AFAIK the use of the hash member for equality checking is an
implementation detail too, although the language reference does
mention that set, frozenset and dict are "hashed collections". The
basic requirements on hashes are that (1) objects that compare equal
must hash to the same value, and (2) the hash bucket must not change
over an object's lifetime (this is the "messy" aspect that probably
kills the idea -- you'd need to fix up all hashed collections that
contain the object as a key).
On 6 January 2017 at 07:26, Neil Girdhar <miste...@gmail.com> wrote:
> On Fri, Jan 6, 2017 at 2:07 AM Stephen J. Turnbull
> <turnbull....@u.tsukuba.ac.jp> wrote:
>>
>> Neil Girdhar writes:
>>
>> > I don't understand this? How is providing a default method in an
>> > abstract base class a pessimization? If it happens to be slower
>> > than the code in the current methods, it can still be overridden.
>>
>> How often will people override until it's bitten them? How many
>> people will not even notice until they've lost business due to slow
>> response? If you don't have a default, that's much more obvious.

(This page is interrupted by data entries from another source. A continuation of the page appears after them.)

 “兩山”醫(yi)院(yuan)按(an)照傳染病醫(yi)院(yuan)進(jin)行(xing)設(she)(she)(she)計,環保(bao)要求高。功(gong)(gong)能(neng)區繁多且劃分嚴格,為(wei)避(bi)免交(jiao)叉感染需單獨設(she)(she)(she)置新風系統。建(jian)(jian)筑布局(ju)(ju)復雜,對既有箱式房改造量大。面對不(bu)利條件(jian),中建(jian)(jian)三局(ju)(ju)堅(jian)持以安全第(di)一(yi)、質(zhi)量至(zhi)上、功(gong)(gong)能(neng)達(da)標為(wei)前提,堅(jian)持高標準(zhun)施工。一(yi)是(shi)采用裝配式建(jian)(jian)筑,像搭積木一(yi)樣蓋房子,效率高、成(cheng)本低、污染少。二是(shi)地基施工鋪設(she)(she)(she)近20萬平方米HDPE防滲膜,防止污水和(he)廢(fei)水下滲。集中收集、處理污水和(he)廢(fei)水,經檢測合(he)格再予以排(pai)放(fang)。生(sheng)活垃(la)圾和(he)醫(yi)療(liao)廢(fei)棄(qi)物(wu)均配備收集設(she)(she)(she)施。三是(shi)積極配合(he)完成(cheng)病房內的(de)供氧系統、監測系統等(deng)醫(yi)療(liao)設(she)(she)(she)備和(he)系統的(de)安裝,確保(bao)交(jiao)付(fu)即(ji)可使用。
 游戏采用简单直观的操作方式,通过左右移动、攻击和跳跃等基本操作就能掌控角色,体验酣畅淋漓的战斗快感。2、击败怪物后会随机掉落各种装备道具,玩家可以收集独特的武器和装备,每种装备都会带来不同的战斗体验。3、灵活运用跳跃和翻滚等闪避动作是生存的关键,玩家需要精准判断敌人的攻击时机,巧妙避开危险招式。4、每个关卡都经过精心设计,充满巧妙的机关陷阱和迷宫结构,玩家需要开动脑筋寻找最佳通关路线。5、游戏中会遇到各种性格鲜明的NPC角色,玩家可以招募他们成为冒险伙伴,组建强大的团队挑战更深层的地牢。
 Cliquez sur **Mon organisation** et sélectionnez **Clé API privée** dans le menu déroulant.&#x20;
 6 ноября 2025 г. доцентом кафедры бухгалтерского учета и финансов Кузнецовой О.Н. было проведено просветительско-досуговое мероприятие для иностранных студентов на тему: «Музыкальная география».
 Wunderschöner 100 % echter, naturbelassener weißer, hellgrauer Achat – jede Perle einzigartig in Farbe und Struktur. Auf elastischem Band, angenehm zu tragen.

>> Note that if there is a default, the collections are "large", and
>> equality comparisons are "rare", this could be a substantial overhead.
>
>
> I still don't understand what you're talking about here. You're saying that
> we shouldn't provide a __hash__ in case the default hash happens to be
> slower than what the user wants and so by not providing it, we force the
> user to write a fast one? Doesn't that argument apply to all methods
> provided by abcs?
The point here is that ABCs should provide defaults for methods where
there is an *obvious* default. It's not at all clear that there's an
obvious default for __hash__.
Unless I missed a revision of your proposal, what you suggested was:
> A better option is to add collections.abc.ImmutableIterable that derives from Iterable and provides __hash__.